··· SUPPLIED DATA

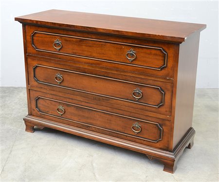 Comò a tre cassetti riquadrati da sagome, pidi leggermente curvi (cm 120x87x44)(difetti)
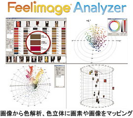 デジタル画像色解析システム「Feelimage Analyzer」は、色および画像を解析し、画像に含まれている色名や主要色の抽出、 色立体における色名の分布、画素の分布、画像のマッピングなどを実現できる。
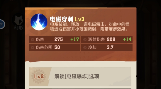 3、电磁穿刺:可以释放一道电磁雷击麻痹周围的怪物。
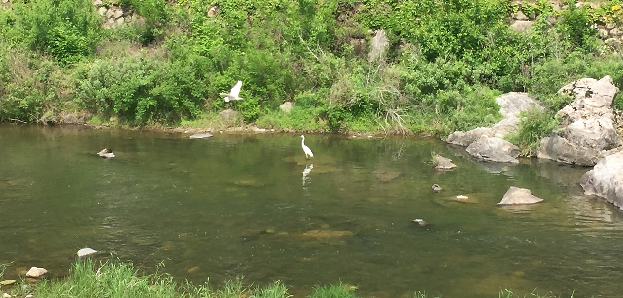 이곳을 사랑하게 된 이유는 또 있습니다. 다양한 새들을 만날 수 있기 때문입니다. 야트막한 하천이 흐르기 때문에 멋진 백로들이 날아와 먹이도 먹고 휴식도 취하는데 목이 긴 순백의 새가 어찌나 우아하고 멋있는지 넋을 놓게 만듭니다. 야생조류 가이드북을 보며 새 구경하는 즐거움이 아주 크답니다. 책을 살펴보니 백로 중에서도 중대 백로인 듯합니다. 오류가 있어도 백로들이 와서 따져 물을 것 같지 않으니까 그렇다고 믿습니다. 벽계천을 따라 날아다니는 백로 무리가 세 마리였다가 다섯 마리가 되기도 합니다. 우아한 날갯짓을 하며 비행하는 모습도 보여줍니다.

······
··· SUPPLIED DATA

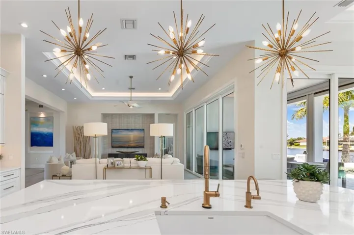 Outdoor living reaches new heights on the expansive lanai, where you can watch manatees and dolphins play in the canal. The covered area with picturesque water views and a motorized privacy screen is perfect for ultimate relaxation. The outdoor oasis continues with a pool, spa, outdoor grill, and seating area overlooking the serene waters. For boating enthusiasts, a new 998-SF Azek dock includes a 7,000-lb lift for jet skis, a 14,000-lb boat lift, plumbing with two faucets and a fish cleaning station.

······

→ **WHAT TO WORK ON**: From the records above, copy exactly the lines starting at the one with "3、电磁穿刺:可以释放一道电磁雷击麻痹周围的怪物。" and ending at the one with "이곳을 사랑하게 된 이유는", and no others. Pictures stay out.

→ **EXERCISE RESPONSE**:
 3、电磁穿刺:可以释放一道电磁雷击麻痹周围的怪物。
 이곳을 사랑하게 된 이유는 또 있습니다. 다양한 새들을 만날 수 있기 때문입니다. 야트막한 하천이 흐르기 때문에 멋진 백로들이 날아와 먹이도 먹고 휴식도 취하는데 목이 긴 순백의 새가 어찌나 우아하고 멋있는지 넋을 놓게 만듭니다. 야생조류 가이드북을 보며 새 구경하는 즐거움이 아주 크답니다. 책을 살펴보니 백로 중에서도 중대 백로인 듯합니다. 오류가 있어도 백로들이 와서 따져 물을 것 같지 않으니까 그렇다고 믿습니다. 벽계천을 따라 날아다니는 백로 무리가 세 마리였다가 다섯 마리가 되기도 합니다. 우아한 날갯짓을 하며 비행하는 모습도 보여줍니다.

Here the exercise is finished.